Busk, Or Buns

To a pint bowl of light dough add a cup of sugar, half as much butter, and either a little cinnamon, allspice, or lemon. Work these ingredients together, and then add flour enough to enable you to mould it smooth and roll it out. Let it be about an inch thick; cut it into biscuit, and lay them into a baking-pan to rise. They should become very light before being baked; and therefore, in cold weather, it is well to let the dough stand, after the ingredients are added, until the next day; then roll out the biscuit, and raise' them in the bake-pan. Their appearance is improved by wetting the top with a mixture of sugar and milk when they are nearly baked; then return them to the oven for a short time. They require fifteen or twenty minutes to bake.

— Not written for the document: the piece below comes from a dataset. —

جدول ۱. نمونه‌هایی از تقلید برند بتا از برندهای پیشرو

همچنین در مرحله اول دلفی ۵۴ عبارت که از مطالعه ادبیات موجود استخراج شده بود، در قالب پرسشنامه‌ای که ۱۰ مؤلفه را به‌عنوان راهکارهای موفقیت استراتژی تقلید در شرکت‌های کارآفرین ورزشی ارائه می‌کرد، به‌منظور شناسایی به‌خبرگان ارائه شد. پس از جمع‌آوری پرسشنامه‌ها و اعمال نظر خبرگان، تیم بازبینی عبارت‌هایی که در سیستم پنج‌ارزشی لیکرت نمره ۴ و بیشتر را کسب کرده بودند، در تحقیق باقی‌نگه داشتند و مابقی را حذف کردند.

A double measure may be made in cold weather, and when light be set in a cool place, but where it will not freeze; and a pan be baked whenever needed. Each day it will be better than the previous one.

Norwich Buns

To one tumbler of milk put half a gill of yeast, three eggs, one coffee-cup of sugar, two ounces of butter, and one small nutmeg. Beat the sugar and eggs together; rub the butter into the flour, of which use enough to enable you just to mould it. Let it rise over night; and, when very light, roll out, and put it on tins to rise again; after which, bake as above. Wet the top as directed above. If you wish to add currants, put them into the sponge when mixed.